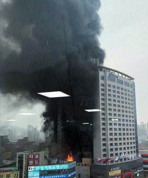 [아시아경제 고형광 기자] 충남 천안의 한 호텔서 화재가 발생했다.14일 오후 4시56분께 충남 천안시 서북구 쌍용동 라마다앙코르호텔에서 화재가 발생했다.소방당국은 소방차 20대와 소방관 50여명이 출동시켜 진화작업에 나섰다. 소방당국은 호텔에 투숙객과 직원이 몇 명이 있었는지는 정확히 확인되지 않고 있다고 밝혔다.현재까지 연기를 흡입한 5명이 병원으로 이송된 것으로 알려졌다. 소방당국은 지상에 에어 매트리스를 설치하는 등 만약의 사태에 대비하고 있다.소방당국 관계자는 "지하에서 불꽃이 보이고 연기가 나기 시작했다는 신고가 접수돼 출동했다"며 "화재 진화작업과 함께 호텔 내부에 있는 투숙객 수색작업을 병행하고 있다"고 말했다.지난해 9월 오픈한 라마다앙코르호텔은 지하 5층~지상 21층에 420실 규모다.고형광 기자 kohk0101@asiae.co.kr<ⓒ경제를 보는 눈, 세계를 보는 창 아시아경제(www.asiae.co.kr) 무단전재 배포금지>
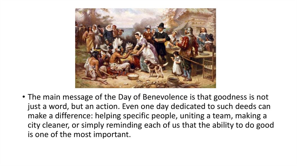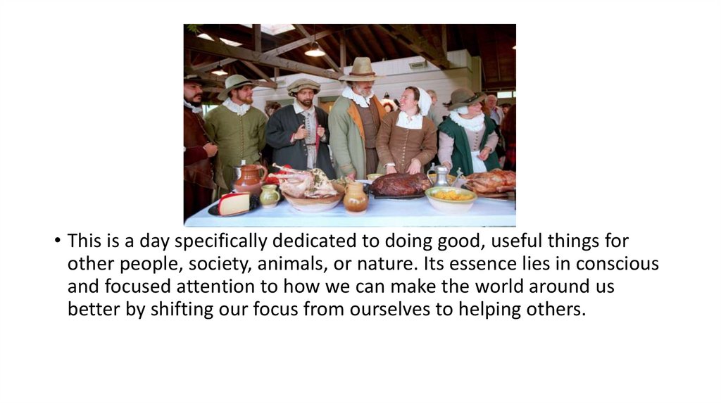 • This is a day specifically dedicated to doing good, useful things forother people, society, animals, or nature. Its essence lies in conscious
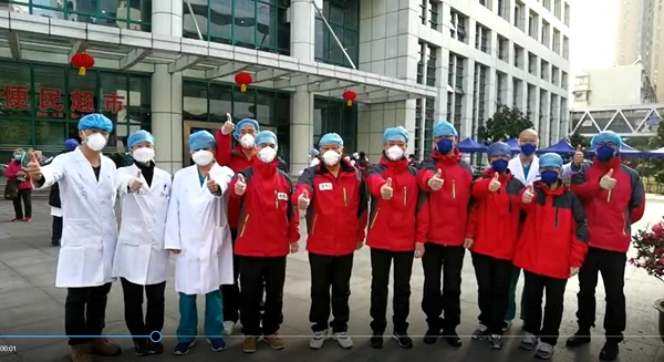 2月22日,4位患者出院,倪红英和浙一黄河院长等诊疗专家合影
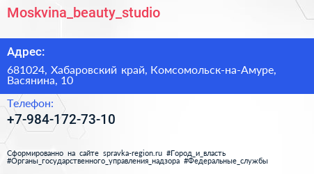 Moskvina_beauty_studio по адресу 681024, Хабаровский край, Комсомольск-на-Амуре, Васянина, 10 в дальнейшем Организация, размещена в следующих категориях:
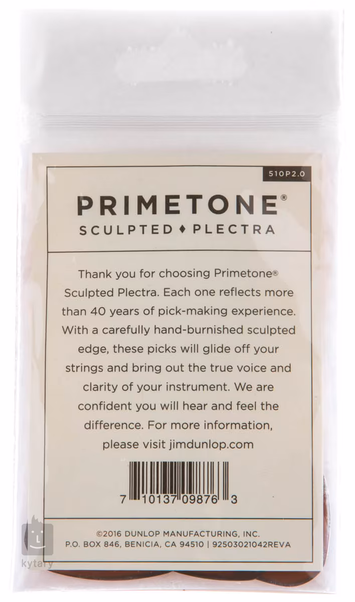 Trsátka z řady Dunlop Primetone poskytují díky ručně broušenému zkosenému okraji nízký odpor při hraní, takže jsou schopna zvýšit vaši rychlost a zlepšit vám artikulaci. Zároveň jsou vyrobena z materiálu ultem, díky němuž poskytují přirozený zvuk a extrémní odolnost. Jejich povrch je opatřen jemným, protiskluzovým gripem pro pevný, neklouzavý úchop. Pokud hledáte trsátka, která jsou precizně zhotovena podle požadavků aktivních kytaristů, nemusíte hledat dál.
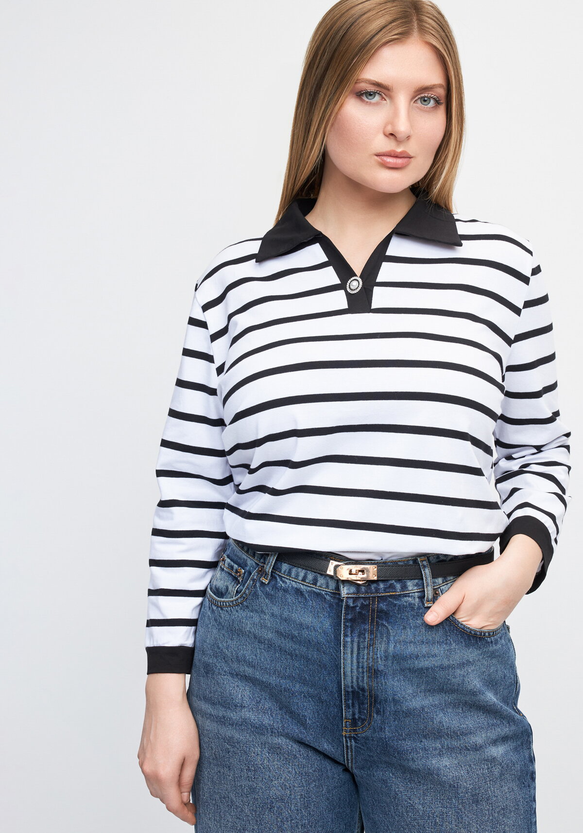 Поло в полоску с декоративной пуговицей — это современная интерпретация классики. Модель выполнена из мягкого хлопкового трикотажа с добавлением спандекса, что придаёт изделию лёгкую эластичность и устойчивость к деформации. Длинный рукав и аккуратный воротник-поло делают образ сдержанным, но выразительным. Декоративная пуговица на планке подчёркивает внимание к деталям и добавляет изюминку. Идеально подходит как для повседневной носки, так и для создания спортивно-элегантных ансамблей.
::::::
▶ _Assigned task_: Without the pictures, transcribe the listing exactly as it stands.

▶ _Solution below_:
 [아시아경제 고형광 기자] 충남 천안의 한 호텔서 화재가 발생했다.14일 오후 4시56분께 충남 천안시 서북구 쌍용동 라마다앙코르호텔에서 화재가 발생했다.소방당국은 소방차 20대와 소방관 50여명이 출동시켜 진화작업에 나섰다. 소방당국은 호텔에 투숙객과 직원이 몇 명이 있었는지는 정확히 확인되지 않고 있다고 밝혔다.현재까지 연기를 흡입한 5명이 병원으로 이송된 것으로 알려졌다. 소방당국은 지상에 에어 매트리스를 설치하는 등 만약의 사태에 대비하고 있다.소방당국 관계자는 "지하에서 불꽃이 보이고 연기가 나기 시작했다는 신고가 접수돼 출동했다"며 "화재 진화작업과 함께 호텔 내부에 있는 투숙객 수색작업을 병행하고 있다"고 말했다.지난해 9월 오픈한 라마다앙코르호텔은 지하 5층~지상 21층에 420실 규모다.고형광 기자 kohk0101@asiae.co.kr<ⓒ경제를 보는 눈, 세계를 보는 창 아시아경제(www.asiae.co.kr) 무단전재 배포금지>
 • This is a day specifically dedicated to doing good, useful things forother people, society, animals, or nature. Its essence lies in conscious
 2月22日,4位患者出院,倪红英和浙一黄河院长等诊疗专家合影
 Moskvina_beauty_studio по адресу 681024, Хабаровский край, Комсомольск-на-Амуре, Васянина, 10 в дальнейшем Организация, размещена в следующих категориях:
 Trsátka z řady Dunlop Primetone poskytují díky ručně broušenému zkosenému okraji nízký odpor při hraní, takže jsou schopna zvýšit vaši rychlost a zlepšit vám artikulaci. Zároveň jsou vyrobena z materiálu ultem, díky němuž poskytují přirozený zvuk a extrémní odolnost. Jejich povrch je opatřen jemným, protiskluzovým gripem pro pevný, neklouzavý úchop. Pokud hledáte trsátka, která jsou precizně zhotovena podle požadavků aktivních kytaristů, nemusíte hledat dál.
 Поло в полоску с декоративной пуговицей — это современная интерпретация классики. Модель выполнена из мягкого хлопкового трикотажа с добавлением спандекса, что придаёт изделию лёгкую эластичность и устойчивость к деформации. Длинный рукав и аккуратный воротник-поло делают образ сдержанным, но выразительным. Декоративная пуговица на планке подчёркивает внимание к деталям и добавляет изюминку. Идеально подходит как для повседневной носки, так и для создания спортивно-элегантных ансамблей.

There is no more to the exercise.